Blue stained wood with crimson carnations

Monday, December 31, 2012

Can You Hear the People Sing?


I rarely go to see movies in the theater.

However, the much anticipated film adaptation of the musical "Les Miserables" officially arrived in theaters this week- and anyone who knows me knows that I am a sucker for musicals.
Generally, when a film I want to see is out I wait for the DVD and watch it in the comfort of my own home and with my own blanket and snacks and a firm grasp on the remote for 'scenes of a questionable nature' that I want to skip. This time however the pull of seeing a musical on the big screen in all its glory was too big of a draw and from the first of my hearing of it almost two years ago now I knew that I would be going to see it.

Last night I went and saw it. And I loved it.

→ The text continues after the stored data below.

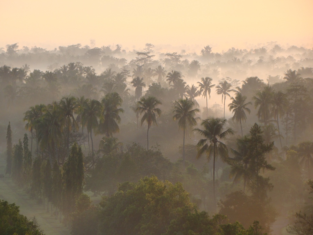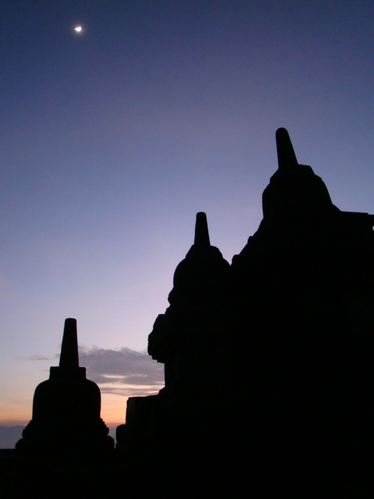 Our next stop in Indonesia was central Java and so we flew into Yogyakarta (1 hour by plane from Jakarta). After about another hour – by cab – we found ourselves at the wonderfully green hotel accommodations of Manohara. This was the hotel our friend Izabel recommended due to its amazing location. Amazing for a couple of reasons; it’s surrounded by tropical rain forests and mountains (and even a volcano, Merapi which happens to be one of the most active and dangerous in the world), and it’s also on the doorstep to Borobudur, the largest Buddhist temple in the world. We wanted to intimately see and experience Borobudur’s mystique and Manohara kept the temple within sight and “grasp” during our entire 3 night stay. Borobudur was built in the 8th and 9th centuries and today it serves as Indonesia’s most visited sight. We laid eyes on it during our first evening from our dinner table but didn’t have access to it until the following morning.
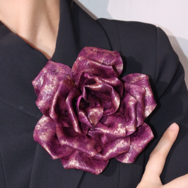 15cmクリエイティブカール豹紋布芸カラーストライプ花ブローチピン手作り花服装アクセサリー
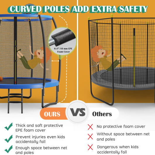 With high density enclosure net safety pad and safety buckles parents will be relieved while their kids are jumping. More importantly these net poles are designed to be curved which leaves ample space between the poles and net and prevents kids from injuries when they fall down. The high-quality and durable jumping mat and heavy-duty springs offer unmatched jumping experience. And the basketball hoop also provides more fun while jumping. Moreover made of galvanized steel frame and U-shaped legs with paint coating this outdoor trampoline features longer service life than other normal trampolines. In addition the installation is easy with instructions and accessories.
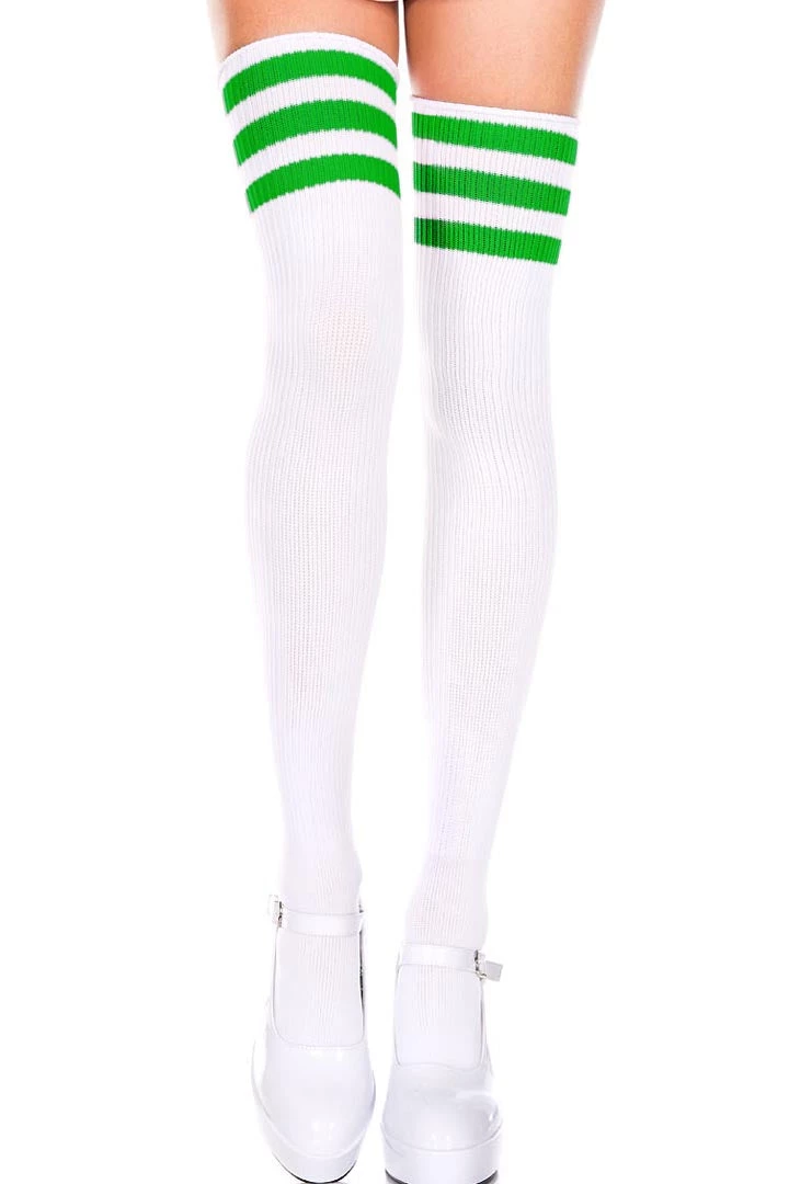 Accentuate those legs with these White & Kelly Green Striped Thigh High Socks that feature white women’s thigh high socks with green stripes around the thighs.

This film will be known years from now as the benchmark for many things. The cinematography is remarkable and different than anything that has been done in generations. In fact, I think it will come to be the "Citizen Cain" of our generation. In many places the scope and surreality of the style reminded me of another favorite of mine, "Fiddler on the Roof". The director made bold choices in showing sweeping views with solitary figures and more strikingly in the strategy he took in using extreme closeups of the actors. At first I really didn't like this tactic, it feels too invasive and too personal, and too raw. You cannot help but to feel the same emotions as the characters are dealing with and it sends you on an emotional roller coaster right along with them.
Then I realized that is just the point.
Yes, the point is that you feel ground down, that you feel the dirt and the grime, it is even the point that you feel the disgusting nature of sin. But it is also the point that you feel the repentance, the love, the joy, and the ever stirring surge of hope.
Additionally, the benchmark that is laid down in the acting/singing department is tremendous. The acting is flat out superb! With the exception of Russel Crow whom I have an intense dislike for all the other players are great favorites of mine and played their roles with skill and grace. Anne Hathaway destroyed herself in her portrayal of Fantine and broke my heart too while she was at it! From her gut wrenching "I Dreamed a Dream" to her death I sat and cried my eyes out! Hugh Jackman is utterly convincing and equally moving through out his portrayal of Jean Valjean. He again brought me to tears as he wound down and brought the movie to a close.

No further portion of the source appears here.